Unterschiedliche Ergebnisse
First State sieht in Japan weiter gute Chancen

Für Andrew Dalrymple war der Februar eigenem Bekunden zufolge "ein harter Monat". Der Manager des First State Global Opportunities hat mehr als ein Viertel seines Fondsvermögens in japanischen Aktien investiert, doch die Tokioter Börse dankte es ihm schlecht: Angesichts der Diskussionen über mögliche Zinserhöhungen der japanischen Notenbank knickte der marktbestimmende Nikkei-Index im Monatsverlauf um knapp drei Prozent ein, viele Nebenwerte verloren noch deutlich mehr.

HAMBURG. Trotzdem gelang es Dalrymple, im Februar ein winziges Plus zu erwirtschaften. Mit einem Wertzuwachs von 56,65 Prozent über die vergangenen zwölf Monate führt der Fonds weiter die Riege der global investierenden Aktienfonds an (siehe Tabelle). In seinem positiven Ausblick für die japanische Börse lässt sich der First-State-Manager nicht beirren. "Viele Unternehmen haben ihre Bilanzen nachhaltig in Ordnung gebracht, und die Banken stellen der Wirtschaft wieder Geld zur Verfügung", sagt er. Das unterscheide die aktuelle Situation in Tokio von früheren, im Sande verlaufenen Erholungsphasen.

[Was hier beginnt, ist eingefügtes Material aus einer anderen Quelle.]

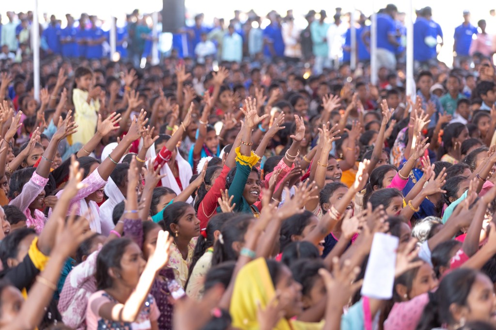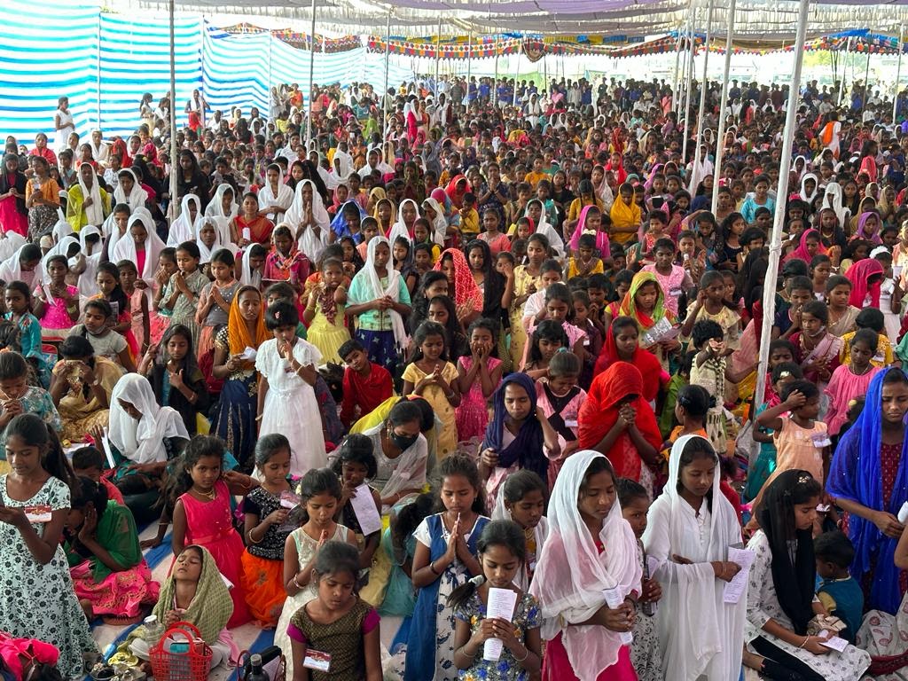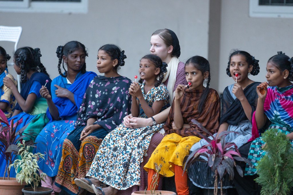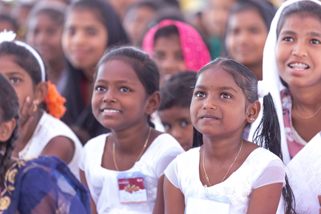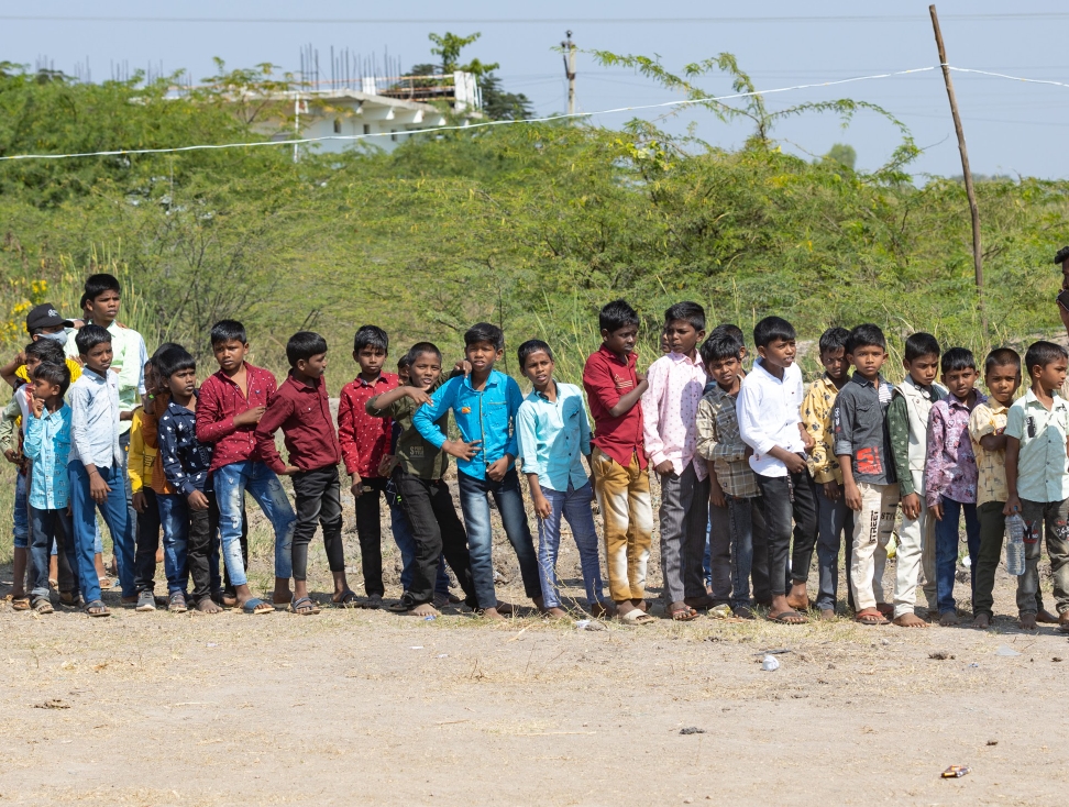 Black-haired and brown-skinned, all wrapped in bright colors,
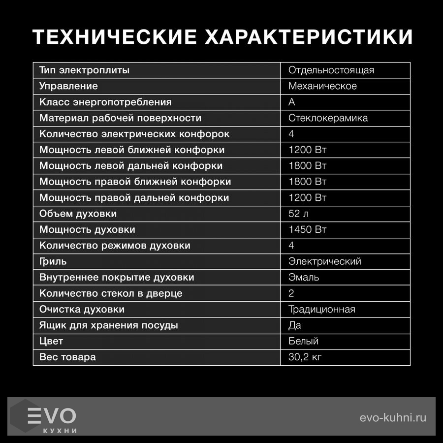 - Тип электроплиты: отдельностоящая
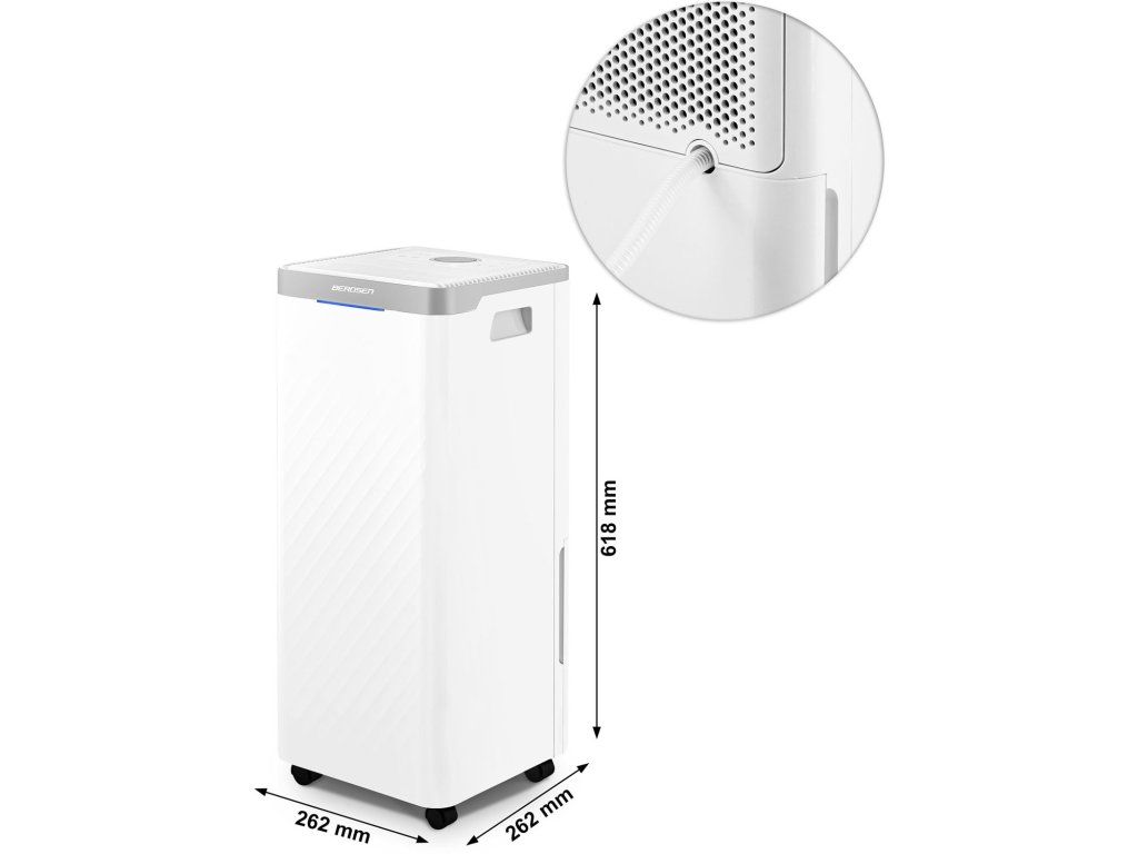 #20.000 ml/zi#. Dezumidificatorul BD-522 funcționează pe principiul condensării, eficient condensând umiditatea din aer. Astfel, neutralizează intensitatea fungilor, mucegaiului și mirosurilor neplăcute din cameră și în același timp îți crește confortul.
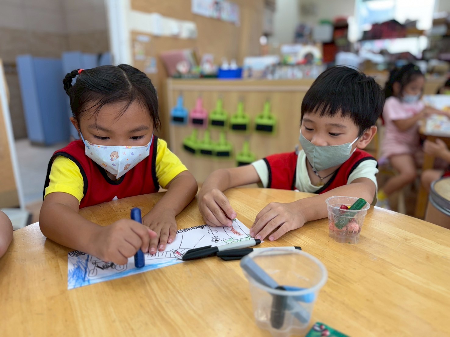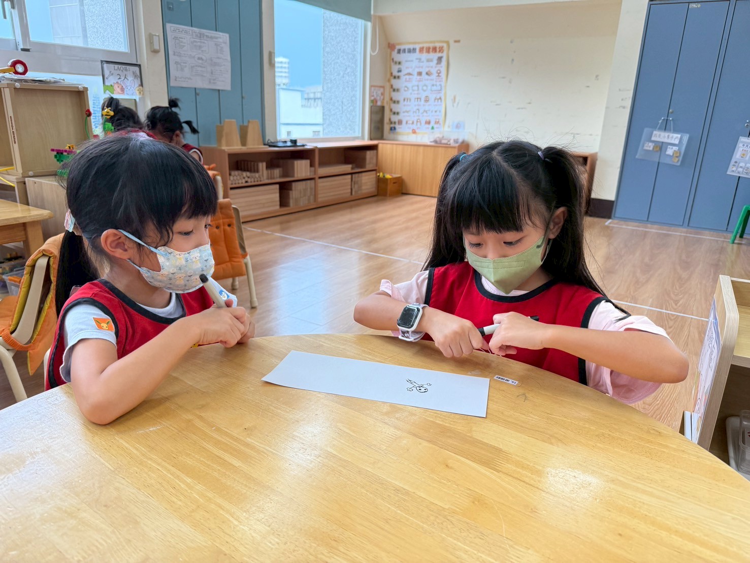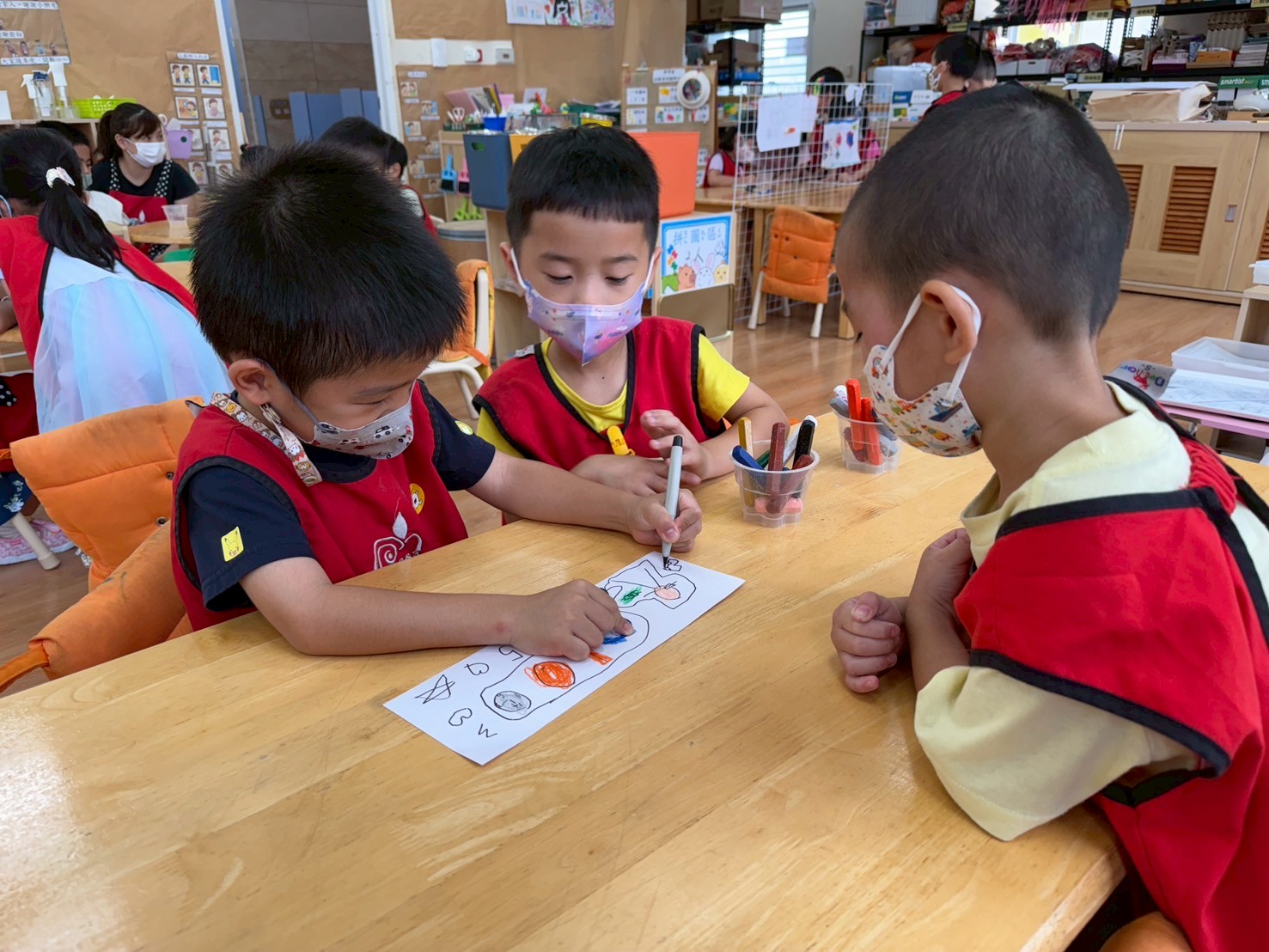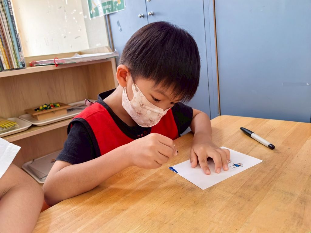 孩子們觀看小人物圖示後,依步驟塗畫頭、身體與四肢,並主動加入五官與服裝細節。過程中展現觀察力、手部操作能力,並發揮創意表現自我。
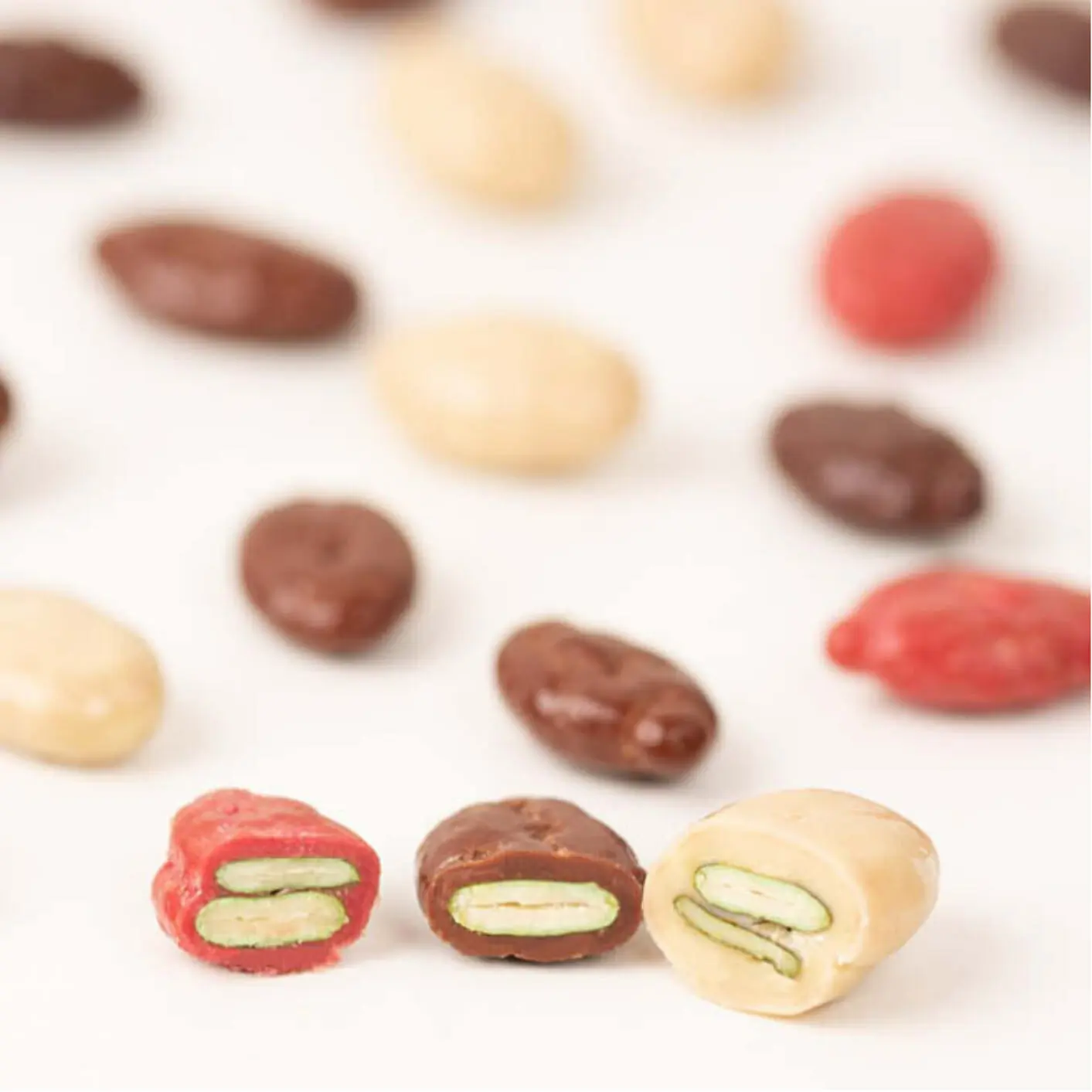 Pumpkin Seeds in White Chocolate, Milk Chocolate, Noble Bitter Chocolate and Raspberry Couverture
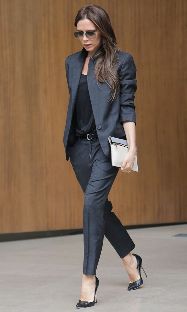 Phong cách lạnh lùng của Vic đặc biệt thích hợp với những bộ vest cá tính và mạnh mẽ. Bà Becks kết hợp những bộ vest kèm sơ mi và giày mũi nhọn tạo vẻ sang trọng, thanh lịch và đẳng cấp.
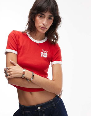 Crop Ringer Tee With Small Graphic In Red
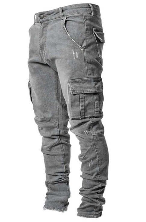 2021 Working Jeans Men’s Pockets Small Legs Jeans Men Cargo Pants Man Trousers
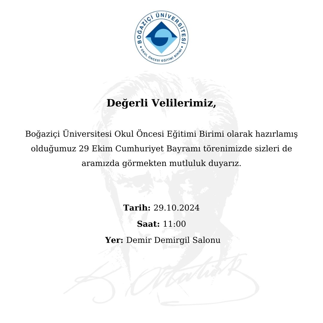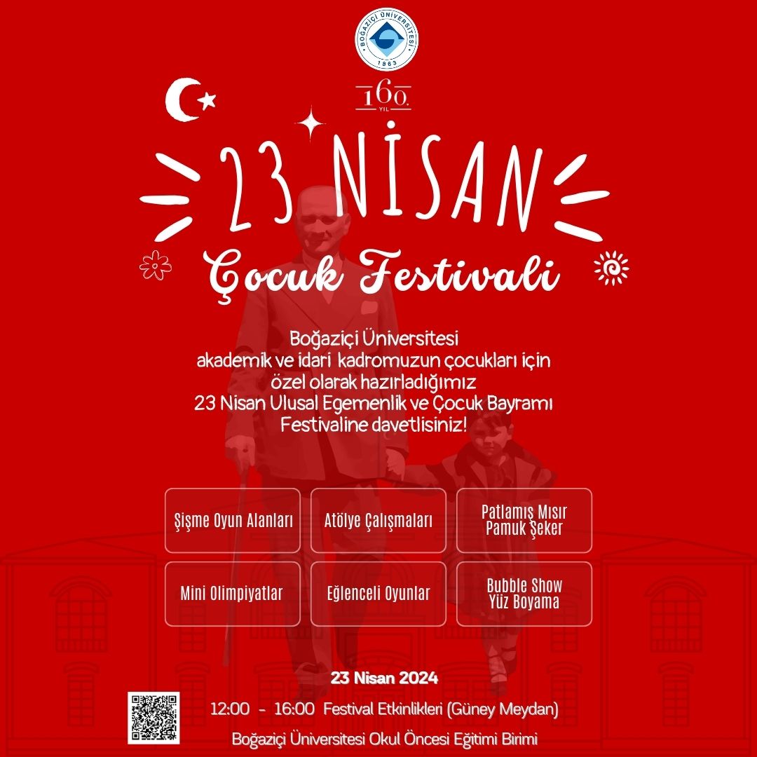 Boğaziçi Üniversitesi Okul Öncesi Eğitimi Birimi olarak, akademik ve idari kadromuzun çocukları için özel olarak hazırladığımız 23 Nisan Ulusal Egemenlik ve Çocuk Bayramı Festivaline davetlisiniz! Bu anlamlı günde, milli birlik beraberliğimizi pekiştirmemize ve çocuklarımızın coşkusuna ortak olan ailelerimize teşekkür ederiz.

In der Rangliste weiter nach vorne geschoben hat sich in den vergangenen Monaten der WM Fund Global Growth der Münchener WM Vermögensverwaltung. Ähnlich wie Dalrymple orientiert sich auch WM-Geschäftsführer Wolfgang Mayr an keinem Vergleichsindex, sondern ausschließlich an den bilanztechnischen Kennzahlen potenzieller Kaufkandidaten. Deren Auswahl allerdings überlässt er einem speziellen, von ihm selbst entwickelten Computerprogramm.

Dasselbe Programm zeichnet auch für den in den Jahren 2001 bis 2003 überdurchschnittlich erfolgreichen WM Aktien Global UI verantwortlich, mit dem Mayr bekannt wurde. In den vergangenen zwölf Monaten erzielte dieser Fonds allerdings nur einen Zuwachs von rund 20 Prozent, fast 30 Prozentpunkte weniger als der WM Global Growth.

"Den beiden Fonds liegt ein unterschiedliches Anlageuniversum zu Grunde", erläutert Mayr und verweist auf den Mindestbörsenwert von einer Mrd. Euro, den ein Unternehmen erreichen muss, um sich für die Aufnahme in den WM Aktien Global UI zu qualifizieren. Beim WM Global Growth seien es nur 250 Mill. Euro. Folglich kämen für diesen Fonds weltweit rund 4 900 Titel in Betracht, 1 800 mehr als beim WM Aktien Global UI.

Ein Unterschied, der sich auch in der Ländergewichtung bemerkbar macht: So sind japanische Aktien derzeit zwar in beiden Portfolios übergewichtet, im WM Aktien Global UI allerdings mit insgesamt 19 Prozent deutlich höher. Letztlich hat Mayr zufolge auch eine Rolle gespielt, dass er im letztgenannten Fonds grundsätzlich alle Währungsrisiken absichert. Dies habe sich 2005 angesichts des steigenden Dollars negativ ausgewirkt.